Print summary of boot_RRi_fit objects
Description
Prints a human-readable summary of the bootstrap RRi model parameter estimates, including the mean, standard deviation, and selected quantiles for each parameter.
Usage
## S3 method for class 'summary.boot_RRi_fit'
print(x, ...)
Arguments
x |
An object of class "summary.boot_RRi_fit". |
... |
Additional arguments. |
Value
A message (of class NULL
) with bootstrapped parameter estimates, standard
errors (SE) and 95% quantile-based confidence intervals.

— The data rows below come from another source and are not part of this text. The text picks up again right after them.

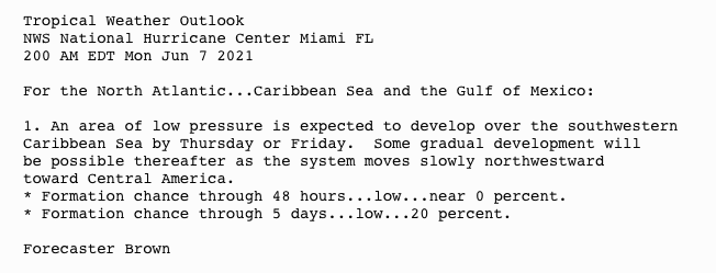 7 Jun Weather in Cayman & Tropical Report, 1 Dist.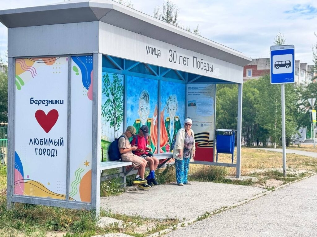 В Березниках на улице 30 лет Победы в районе МЖК остановочные комплексы оформили детскими рисунками. Такую идею для оформления остановок предложил глава округа Алексей Казаченко, сообщили в группе VK управления благоустройства администрации города Березники.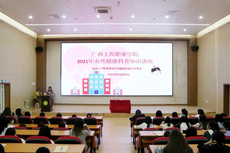 為了增強(qiáng)女大學(xué)生的自我健康保護(hù)意識及疾病防治意識,2021年10月28日—29日晚,我校邀請平果市老科協(xié)副會長滕江華醫(yī)生在學(xué)校圖文信息大樓報(bào)告廳開展了兩場女性健康科普知識專題講座,各二級學(xué)院大一、大二女生代表分別參加了講座。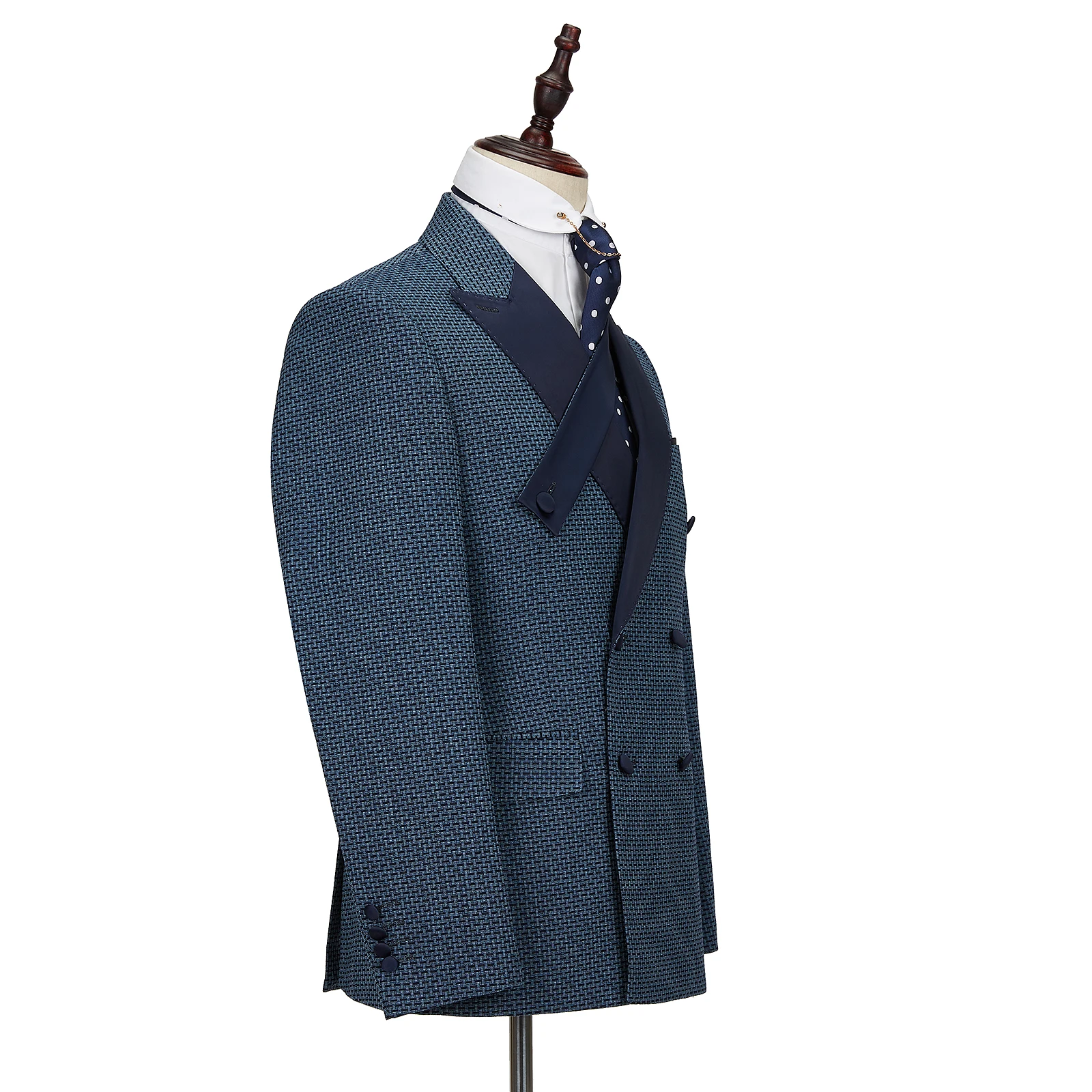 Mens Suits 2 Piece Slim Fit Double Breasted Blue Color Wedding Suit for Cenne Des Graoom Lapel Blazer Trousers

Simulated RR Interval (RRi) Data with Ectopic Beats
Description
A data frame containing a simulated RR interval (RRi) signal generated using the dual-logistic model as described by Castillo-Aguilar et al. (2025). The data are produced by first computing a theoretical RRi curve based on specified model parameters, then adding Gaussian noise to mimic natural variability, and finally introducing ectopic beats by modifying 5% of the data points (multiplying by a factor of 0.3 or 1.7). This simulated dataset is intended for demonstrating and testing the preprocessing and modeling functions provided in the CardioCurveR package.
Usage
sim_RRi
Format
A data frame with n
rows and 2 variables:
- time
A numeric vector of time points (in seconds).
- RRi_simulated
A numeric vector of simulated RR interval values (in milliseconds), including added noise and simulated ectopic beats.
Details
The dual-logistic model is defined as:
RRi(t) = \alpha + \frac{\beta}{1 + \exp\{\lambda (t - \tau)\}} + \frac{-c \cdot \beta}{1 + \exp\{\phi (t - \tau - \delta)\}},
where \alpha
is the baseline RRi level, \beta
controls the amplitude of the drop,
\lambda
and \tau
define the drop phase, and c
, \phi
, and \delta
govern the recovery.
Source
Simulated data generated using the dual-logistic model and random noise.
References
Castillo-Aguilar, et al. (2025). Enhancing Cardiovascular Monitoring: A Non-linear Model for Characterizing RR Interval Fluctuations in Exercise and Recovery. Scientific Reports, 15(1), 8628.
Examples
data(sim_RRi)
head(sim_RRi)
# Plot tha data
library(ggplot2)
ggplot(sim_RRi, aes(time, RRi_simulated)) +
geom_line(linewidth = 1/4, col = "purple") +
labs(x = "Time (s)", y = "RRi (ms)",
title = "Simulated RRi Signal with Ectopic Beats") +
theme_minimal()
Summary method for RRi_fit objects
Description
Provides a detailed summary of the fitted dual-logistic model, including measures of fit such as the residual sum of squares (RSS), total sum of squares (TSS), and R-squared. The summary also includes basic information about the optimization.
Usage
## S3 method for class 'RRi_fit'
summary(object, ...)
Arguments
object |
An object of class "RRi_fit". |
... |
Additional arguments (unused). |
Value
A list with the following components:
method |
The optimization method used. |
parameters |
The estimated parameters from the model. |
objective_value |
The final value of the objective (Huber loss) function. |
convergence |
An integer code indicating convergence (0 indicates success). |
RSS |
Residual sum of squares. |
TSS |
Total sum of squares of the observed RRi values. |
R_squared |
Coefficient of determination. |
n |
The number of observations used. |
Summary method for boot_RRi_fit objects
Description
Computes summary statistics for each estimated parameter across the bootstrap replicates. For each parameter, the summary includes the mean, standard deviation, and the 2.5\
Usage
## S3 method for class 'boot_RRi_fit'
summary(object, robust = TRUE, ...)
Arguments
object |
An object of class "boot_RRi_fit". |
robust |
Logical. If TRUE (default) then uses median and MAD as centrality and dispersion measures. If FALSE then uses mean and standard deviation instead. |
... |
Additional arguments (unused). |
Value
A list with summary statistics for each parameter.